I think that the application of the rule the majority has derived from Rex v. Foxcroft to the situation at bar cannot be justified by interpreting the words “concurrence of a majority” to mean something less than the affirmative votes of a majority. The two cannot be treated differently. The issue must therefore be whether their rule can be applied to any case in which a statute requires a majority of the legislature’s total membership either to agree, concur or affirmatively vote in order to pass legislation. As stated above, the weight of authority is clearly against its application. (See, e.g., Van Hovenberg v. Holeman (1940), 201 Ark. 370, 144 S.W.2d 718; Van Cleve v. Wallace (1944), 216 Minn. 500, 13 N.W.2d 467; Ezell v. City of Pascagoula (Miss. 1970), 240 So.2d 700; Rockland Woods, Inc. v. Incorporated Village of Suffern (1973), 40 App. Div. 2d 385, 340 N.Y.S.2d 513; Steers Sand & Gravel Corp. v. Village Board (N.Y. Sup. Ct. 1954), 129 N.Y.S.2d 403; Davis v. City of Willoughby (1962), 173 Ohio St. 338, 182 N.E.2d 552; Caffey v. Veale (1944), 193 Okla. 444, 145 P.2d 961; State ex rel. Roberts v. Gruber (1962), 231 Or. 494, 373 P.2d 657.) To follow these cases and reject the use of a legal fiction to achieve the necessary consensus would, I believe, be in harmony with the purpose of the statute — to ensure that before ordinances are passed by a village board of trustees there is clear and express approval of the measure. (See Rockland Woods, Inc. v. Incorporated Village of Suffern (1973), 40 App. Div. 2d 385, 340 N.Y.S.2d 513.) The statute is designed to prevent passage of ordinances on a whim or when a majority of the whole number is unwilling to stand up and be counted as supporters of the measure.

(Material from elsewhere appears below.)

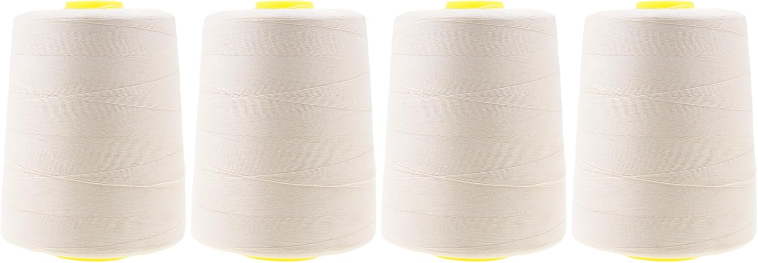 Mandala Crafts 4 Pack of Serger Threads Cones Spools - 20S/2 24000 Yards Polyester Ivory Threads for Sergers Machine and Overlock Quilting Sewing Machine
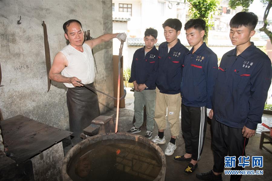5月21日,鄭國榮在“古越劍鋪”向徒弟們傳授寶劍淬火技藝。 新華社記者 翁忻旸 攝

The only argument the majority can muster against such precedent is one of practicality. If abstentions are not counted as concurrences, they may prevent any action by the legislative body. (See Northwestern Bell Telephone Co. v. Board of Commissioners (N.D. 1973), 211 N.W.2d 399, 404.) The power of an abstainer to prevent action, however, would not be any greater in this case than that of a member who votes “no.” Furthermore, to such an argument, the Supreme Court of Oregon has said:

“We are fully aware of the reasons of policy emphasized in some of the decisions which underlie the rule of Rex v. Foxcroft, that is to say, that it is the duty of members of a city council to vote and that they ought not ‘by inaction, prevent action by the board.’ [Citation.] It is quite as important, however, that a court does not close its eyes to the plain meaning of a statute or a charter provision in order to achieve a desired end.” (State ex rel. Roberts v. Gruber (1962), 231 Or. 494, 500-01, 373 P.2d 657, 660.)

That is exactly what the majority has done here.

I would affirm the appellate court’s judgment.

JUSTICE CLARK joins in this dissent.